And the 40mm also has a min aperture of f/2.8 which makes for some absolutely beautiful bokeh shots, the first was natural morning light, second a side-light - ISO boosted to compensate.

















These are under flash - some tremendous separation with that shallow DOF.


----------



## Declan79

Great lighting experience Gordon

Sent from my GT-N7100 using Tapatalk


----------



## Yrh0413

Gordon those are some superb close-up photos you got there! Excellent lighting and you captured plenty of details, even revealed the flaws on the blue screws.

I miss my 100mm f/2.8 macro... sold all my Canon DSLR setup and went for Fuji x-series; unfortunately the only macro lens in the line-up is the 60mm f/2.4 which is a 1:0.5.
Recently bought an extension tube to bring the magnification to 1:0.8 but still not remotely close to 1:1 magnification... probably need to get another extension tube to get closer.

Some of my shots, taken with the Fuji XF60mm f/2.4 (with and without extension tube) on my aging x-pro1.


----------



## Gordon Fraser

Yrh0413 said:


> Gordon those are some superb close-up photos you got there! Excellent lighting and you captured plenty of details, even revealed the flaws on the blue screws.
> 
> I miss my 100mm f/2.8 macro... sold all my Canon DSLR setup and went for Fuji x-series; unfortunately the only macro lens in the line-up is the 60mm f/2.4 which is a 1:0.5.
> Recently bought an extension tube to bring the magnification to 1:0.8 but still not remotely close to 1:1 magnification... probably need to get another extension tube to get closer.
> 
> Some of my shots, taken with the Fuji XF60mm f/2.4 (with and without extension tube) on my aging x-pro1.


Thank you! Yeah a camera has the unfortunate ability to reveal even the smallest of flaws. The beauty of the 40mm is that I can get 1:1, even if the lens ends up only 35mm from the subject. For me, extension tubes introduce more CA and distortion so I prefer to start with a lens that can get the properties I want without additional bits. If I then want to magnify even closer I can just crop - the D7k is beautiful for that kind of thing, great noise control and sharpness. Again Lightroom does wonders for any further physical and digital flaws like profile adjustments (barrel distortion etc) and CA removal.

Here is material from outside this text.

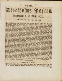 STOCKHOLMSPOSTEN 1779-05-17 Fritt Upphov Ingen uppgift Utgivningsår 1779 Ingår i samling Stockholms Posten (Online) Kategori Tidningsnummer

Far too technical for a weekday.


----------



## delicious

Don't do much macro work anymore but definitely like working with a Canon 1Ds Mark III and 100 2.8L macro. Great control and not to much saturation that you start to see in newer Canon bodies.


----------



## Muddy250

Lovely shots there from that 40mm. I use a D300 and a Sigma 150mm f2.8. Opposite reason from Gordon, I like the extra working distance because I only use natural light so I need that space to get it in there.
I too recently bought an X series but have yet to try macro with it. The 60mm is only 0.5 I think but those extension tubes they just released may do the trick. That or a metabones adaptor so I can use my Nikon mount glass.

Few pics.


----------



## Gordon Fraser

Muddy250 said:


> Lovely shots there from that 40mm. I use a D300 and a Sigma 150mm f2.8. Opposite reason from Gordon, I like the extra working distance because I only use natural light so I need that space to get it in there.
> I too recently bought an X series but have yet to try macro with it. The 60mm is only 0.5 I think but those extension tubes they just released may do the trick. That or a metabones adaptor so I can use my Nikon mount glass.
> 
> Few pics.
> 
> View attachment 2477354
> 
> 
> View attachment 2477386
> 
> 
> View attachment 2477394
> 
> 
> View attachment 2477426
> 
> 
> View attachment 2477434
> 
> 
> View attachment 2477458


Crack-a-lackin' |>

Do you tripod for your shots or hand-hold?


----------



## Muddy250

Gordon Fraser said:


> Crack-a-lackin' |>
> 
> Do you tripod for your shots or hand-hold?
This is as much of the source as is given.